#### DESCRIPTION OF THE TASK:
Word for word, set down the lines from the one that contains "首先,我们需要对磁盘进行分区以创建物理卷。让我们看看如何使用fdisk" through the final line of the data; no pictures belong in the copy.

Records drawn from a dataset
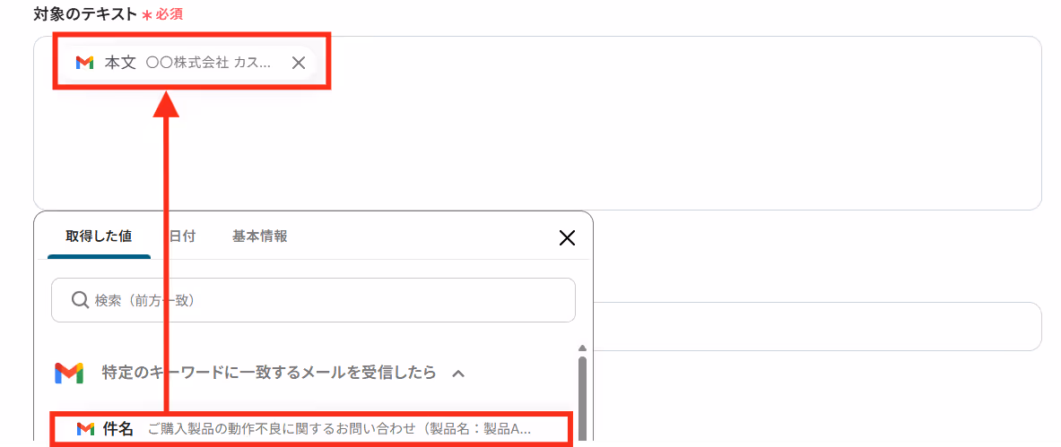 抽出したい「対象のテキスト」を「取得した値」から設定しましょう。
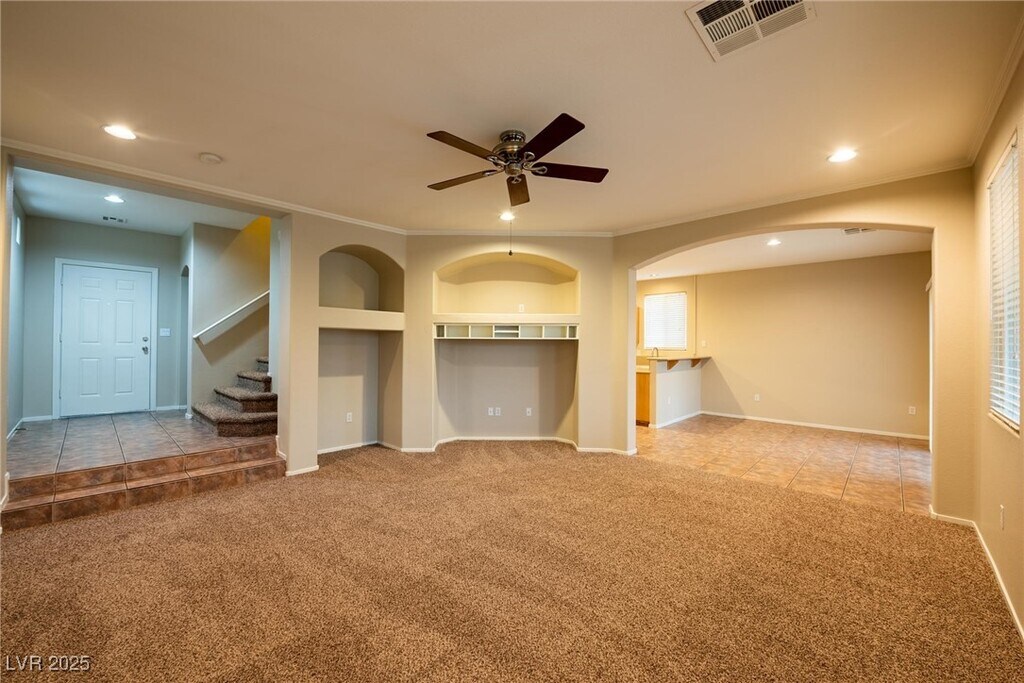 Spectacular 4-bedroom, 2-story home near Rhodes Ranch featuring warm two-tone paint, ceramic tile flooring downstairs, and carpet in the upstairs bedrooms. The kitchen offers Corian counters with plenty of cabinet space. The primary bedroom is spacious, with well-sized secondary bedrooms for added comfort. The backyard includes a covered patio with ceiling fans and landscaping. Conveniently located near shopping, restaurants, and more!
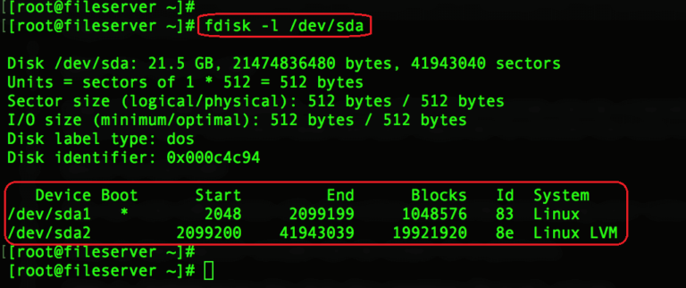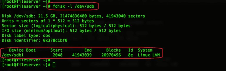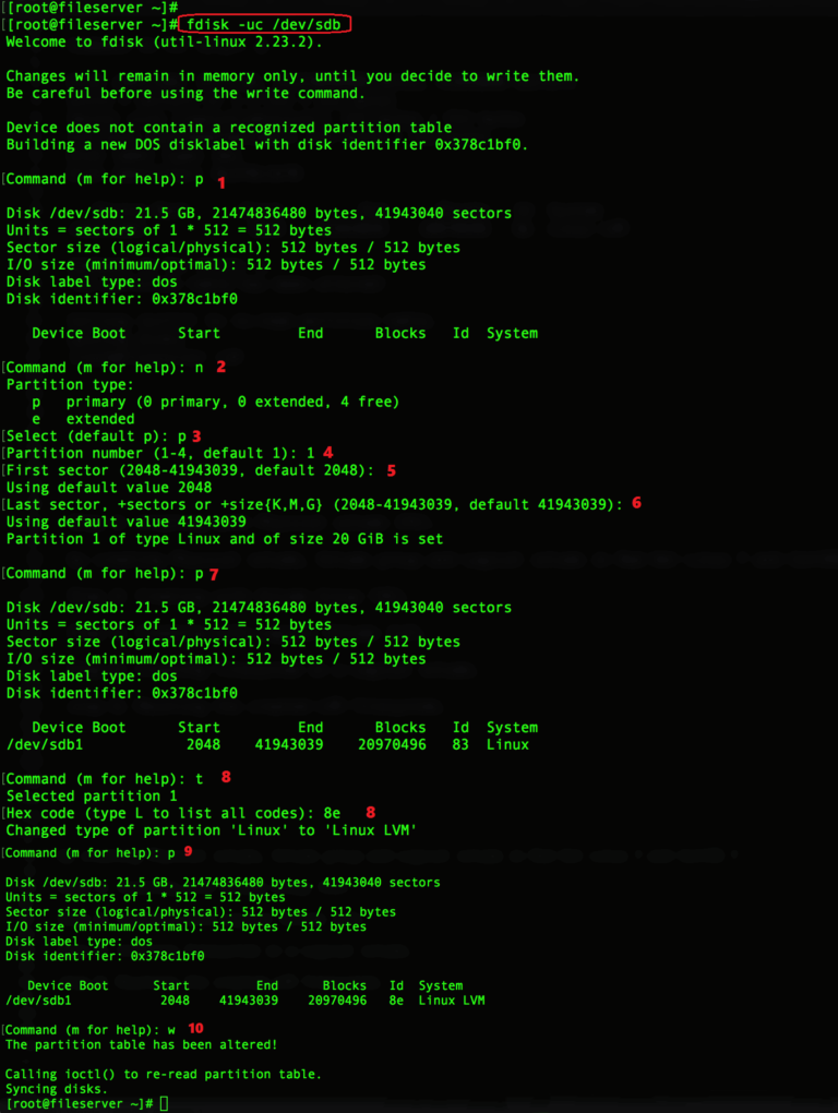 首先,我们需要对磁盘进行分区以创建物理卷。让我们看看如何使用fdisk
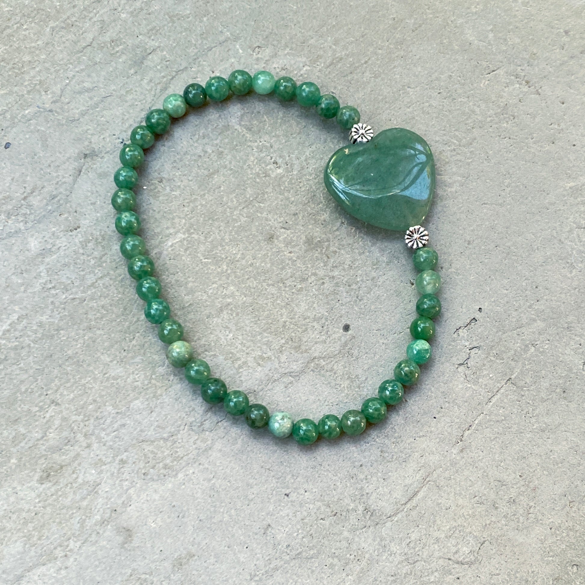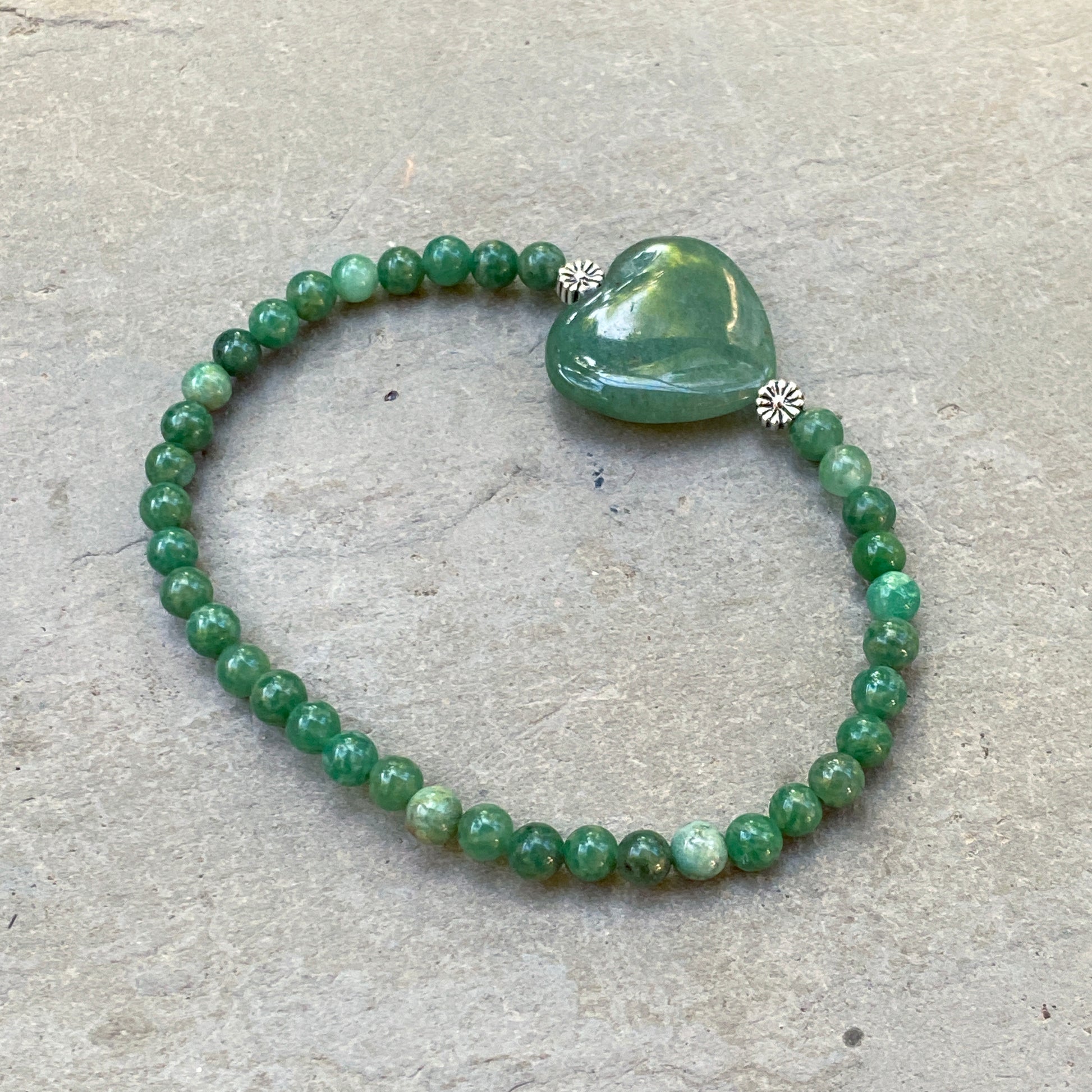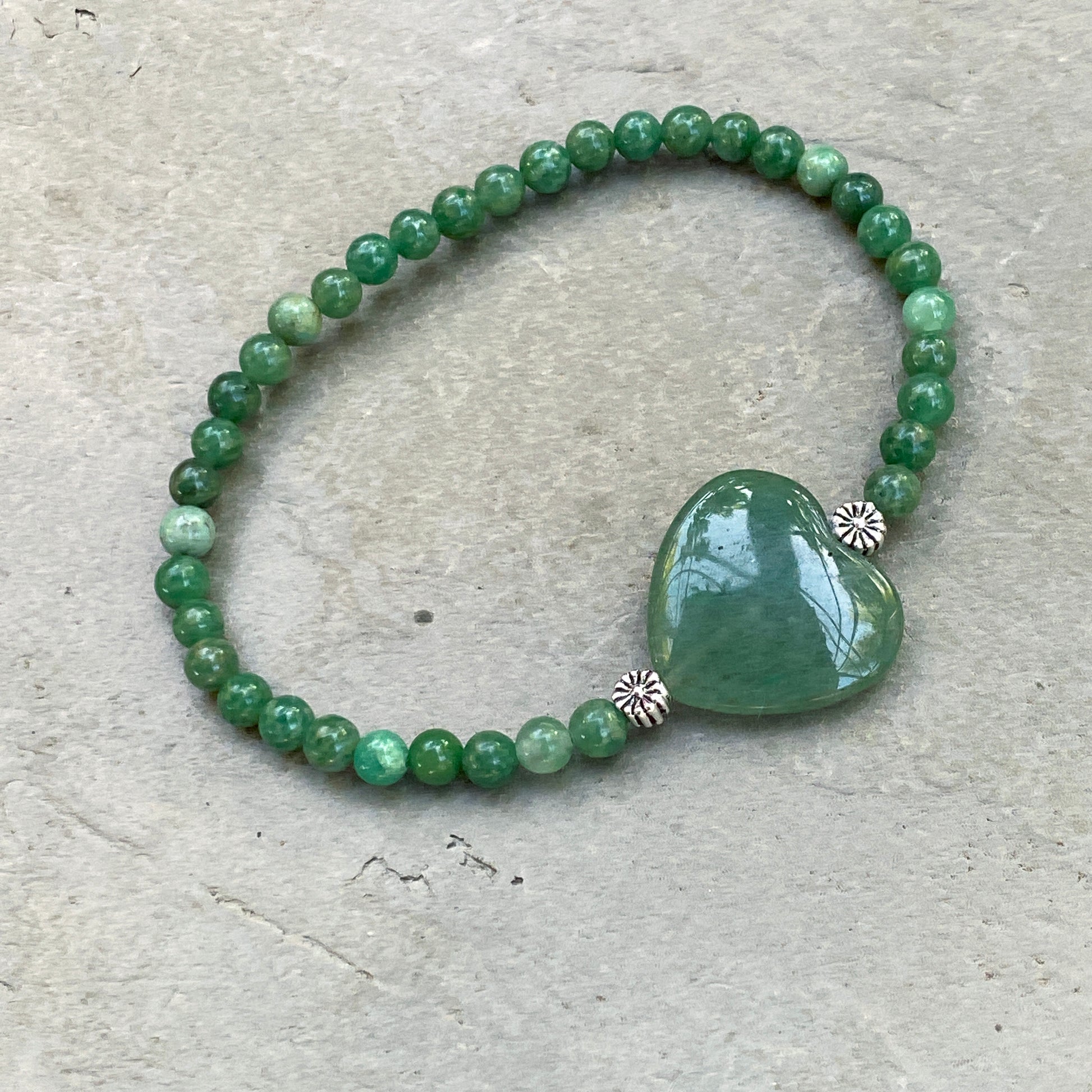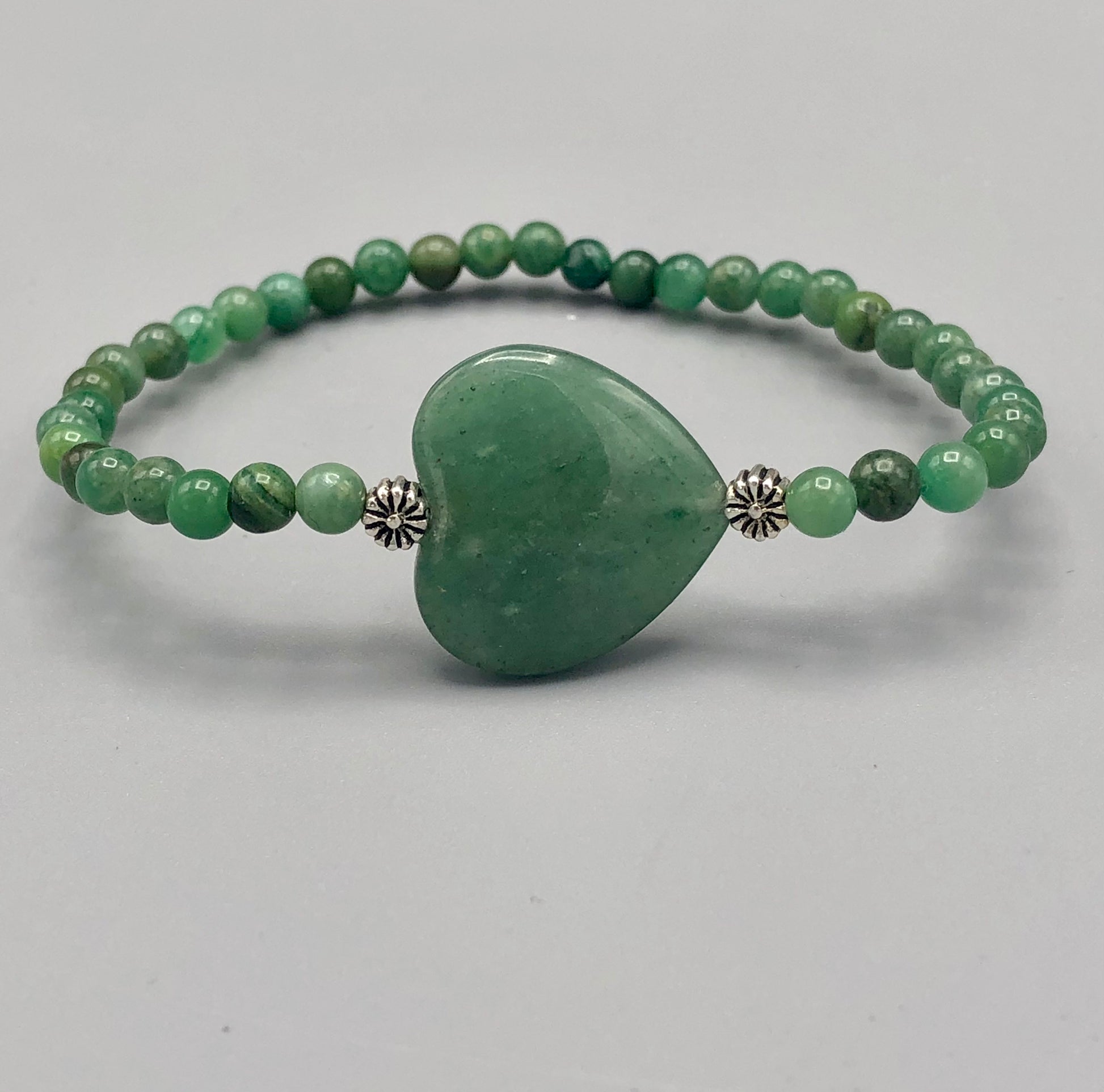 Aventurine Heart, Sterling Silver, and Green African Jade Women’s 7 inch Stretch Bracelet
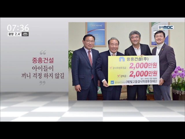 중흥건설이 저소득층 학생들의 끼니 걱정을 덜어주기 위해 빛고을 결식학생 후원재단에 후원금을 기부했습니다. (13) 광주 광산구 산정중학교 학생과 학부모가 직접 김장 김치를 담가, 어려운 이웃들에게 나눠주었습니다. (10) 서구 어린이 급식관리 지원센터가 크리스마스를 앞두고, 아이와 부모가 함께 검은 쌀로 케이크...

#### RESPONSE AREA:
 首先,我们需要对磁盘进行分区以创建物理卷。让我们看看如何使用fdisk
 Aventurine Heart, Sterling Silver, and Green African Jade Women’s 7 inch Stretch Bracelet
 중흥건설이 저소득층 학생들의 끼니 걱정을 덜어주기 위해 빛고을 결식학생 후원재단에 후원금을 기부했습니다. (13) 광주 광산구 산정중학교 학생과 학부모가 직접 김장 김치를 담가, 어려운 이웃들에게 나눠주었습니다. (10) 서구 어린이 급식관리 지원센터가 크리스마스를 앞두고, 아이와 부모가 함께 검은 쌀로 케이크...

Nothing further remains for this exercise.